The current model of lifelong, cohabiting monogamous partnership has never been such an outdated ideal.

Cameron Diaz may be more prophetic than we give her credit for. Last week she theorised that “having more than one lover is better than trying to stick to one”. It was most likely a provocative remark, with a wry acknowledgement of the impassioned debate that comments on monogamy can stir. But it’s an accurate premonition for the future of romantic relationships. The current model of lifelong, cohabiting monogamous partnership has never been such an outdated ideal.
We are living longer, for a start. One third of babies born today are now expected to live to 100, according to the National Office of Statistics. A woman born in 1850 could expect her marriage to last 29 years. Now couples can expect to take tea breaks together for 30 years after the kids leave home – an inordinate sentence if you don’t like the way they slurp.

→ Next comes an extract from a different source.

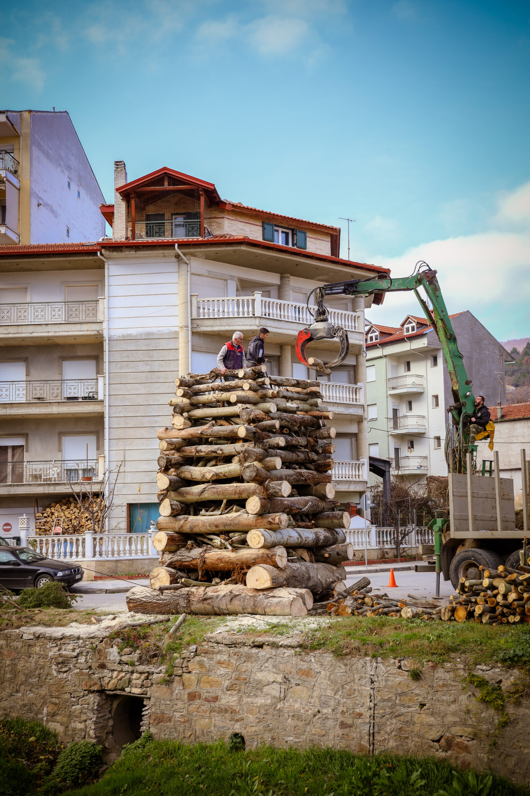 The late historical folklorist of Florina, Lazaros Mellios, describes the preparation in the old days in his book “Kalanta and fires in Florina” -1995): “Once the preparation started, months before. All the youngsters would divide up into groups according to their neighbourhood or village and head to the mountain to collect wood, mostly cedars, which crackles loudly when burning and is believed to ward off evil spirits. They would also get timber from the houses by shouting out to the people inside: “wood for Kalanta”. The goal was to gather the most wood and to have the biggest fire in the neighborhood. Tradition dictated that some of the wood had to be stolen, so they would plunder some from the yards of other houses at night and the occupants, more often than not, would give chase. Of course, what was of particular value was looting the firewood from the other groups. So every night, someone from the group would be on watch and guard the wood.”

Then there’s the little-noted fact that today’s social milieu doesn’t lend itself to the co-ordination and compromises demanded of traditional coupledom. We champion individuality and convenience yet we expect our partners to share living space and a good chunk of our social life. Until early adulthood we are encouraged to forge our own career, friendships and interests. Young people usually live away from home, with flatmates, at college or through travelling before they entertain marriage. They are used to varied and transient love affairs. The expectations of commitment, when it arrives, require a stark disciplinarian jolt, that previous generations did not have to struggle with.

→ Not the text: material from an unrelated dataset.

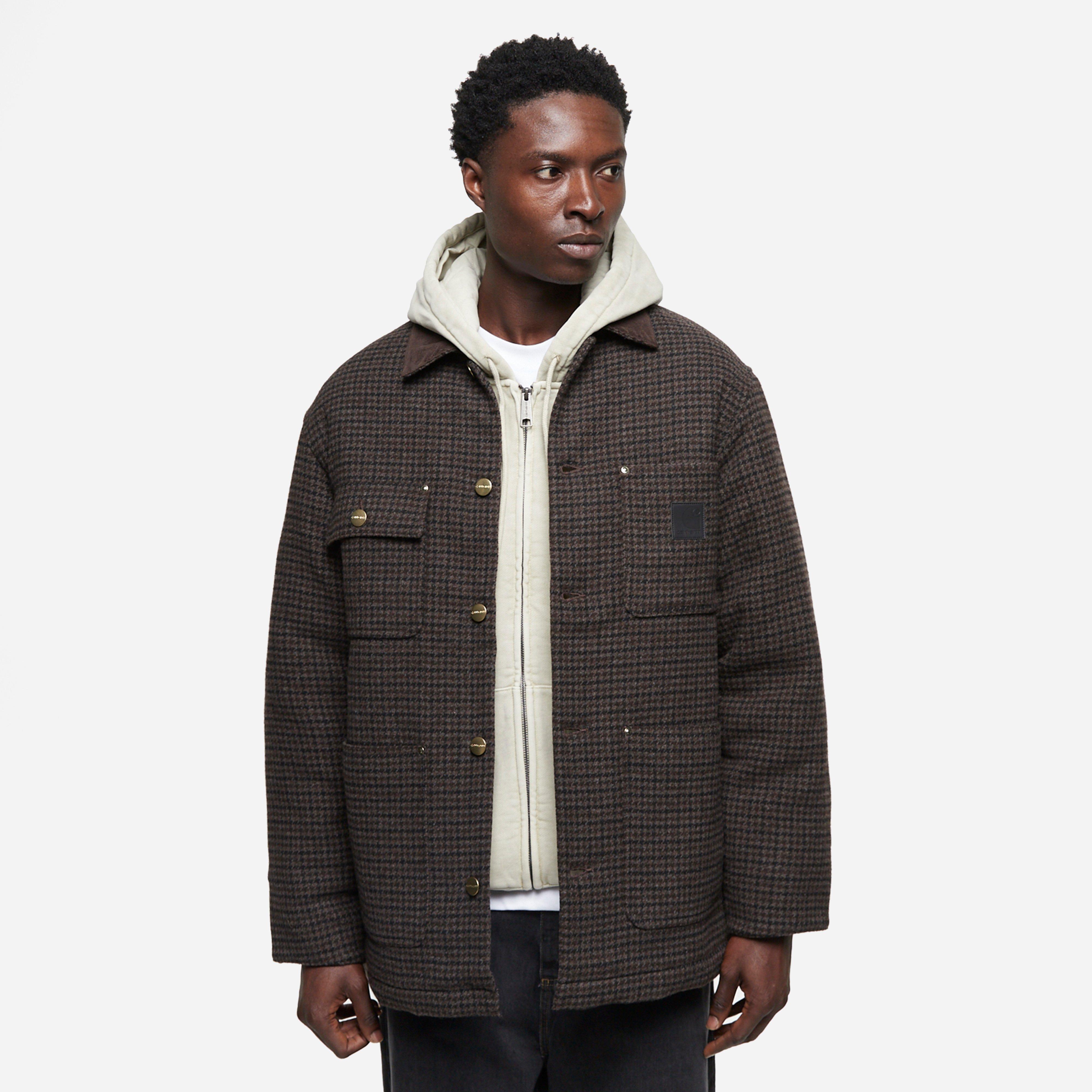 The Lowis Chore Coat is made from heavyweight poly-wool fabric and features an all-over houndstooth pattern which originated in the Scottish Lowlands. - 60% polyester/40% wool - Corduroy collar - Diamond quilt lining - Houndstooth pattern - Adjustable cuffs - Button closures - Two chest pockets - Two lower front pockets - Artificial Square Label - Model is 6'2'' and wears a size medium.

Last week researchers at the University of New Mexico warned that girls rely too much on romantic relationships for their self-identity. The study found that girls are at greater risk of depression, suicidal thoughts and suicide attempts the more their relationships diverged from their ideal. There was no evidence that such romantic disappointments affect boys, who were shown to gain their self worth from sport or other achievements.
For these girls, Cameron Diaz is a good role-model. It is a great shame that these American teenagers are fortunate enough to live in an era where their future no longer relies on meeting a prince, yet they fail to utilise this. Perhaps they should be enlightened to the fact that just fifty years ago in some states of their country, women couldn’t take out a loan or a mortgage without the signature of a husband. Perhaps they should be reminded that in the 1970s a woman could be sacked simply for losing her looks and no one would bat an eyelid. It’s no good having all these victories in the battle for emancipation of women if we still send out a message that finding Mr Right is the only route to utopia.

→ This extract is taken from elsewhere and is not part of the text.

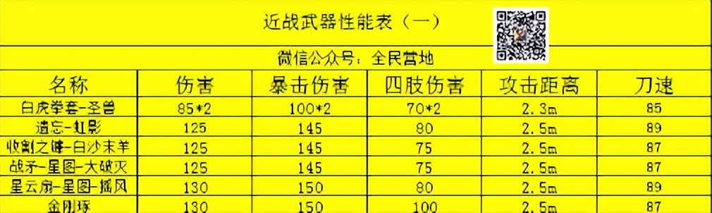 本文首发【全民营地】公众号,未经授权禁止“抄袭文章”转载至其它平台。哈喽,各位小伙伴们大家好,小s我啊在今天给大家来介绍一下,相信只要是玩过枪战游戏的小伙伴们,都知道里面唯一的近战玩法就是刀战,那如何才能在这么多的兵器里面找到一把最好的呢?本期小编就来教一下大家,如何的选择兵器。要点:首先选择你把好的兵器,肯定是要先了解一下兵器的各种数据的,小编也是推荐大家从以下的5种方面去入手:1.伤害,伤害是觉得你打人要多少下才能打死的,最好是选择一下就能过百的兵器。2.暴击伤害,这个是指你打中对面头的伤害,大部分的武器都是能过100的。3.四肢伤害,因为在所有的对局中,没有人百分百打到对面的头,那这就要看一个四肢的伤害了,过了100都是可以的。4.攻击距离,这个就很重要了,在同等技术下,攻击距离决定了谁先打中。5.刀速,这个还是看玩法的,如果是特别近的敌人,刀速快的,肯定是厉害的。SSS武器这个级别的兵器是真的离谱,所有的兵器基础伤害都是直接过了100的,当然最强的还是“金刚琢”这个武器,所有的数据都是拉满的。如图:

I’m all for mushy love and rewarding relationships. I’m quite a romantic, in fact. But my recipe for self-fulfilment doesn’t feature a mystical “soul mate”, a prince or even someone bearing the glitzier title of “The One”. Like Diaz, I too would rather retain my single status with a few rewarding lovers to fulfil different needs at different times of my life. Relationships can be a nice addition to contentment but they no longer have to be the main ingredient.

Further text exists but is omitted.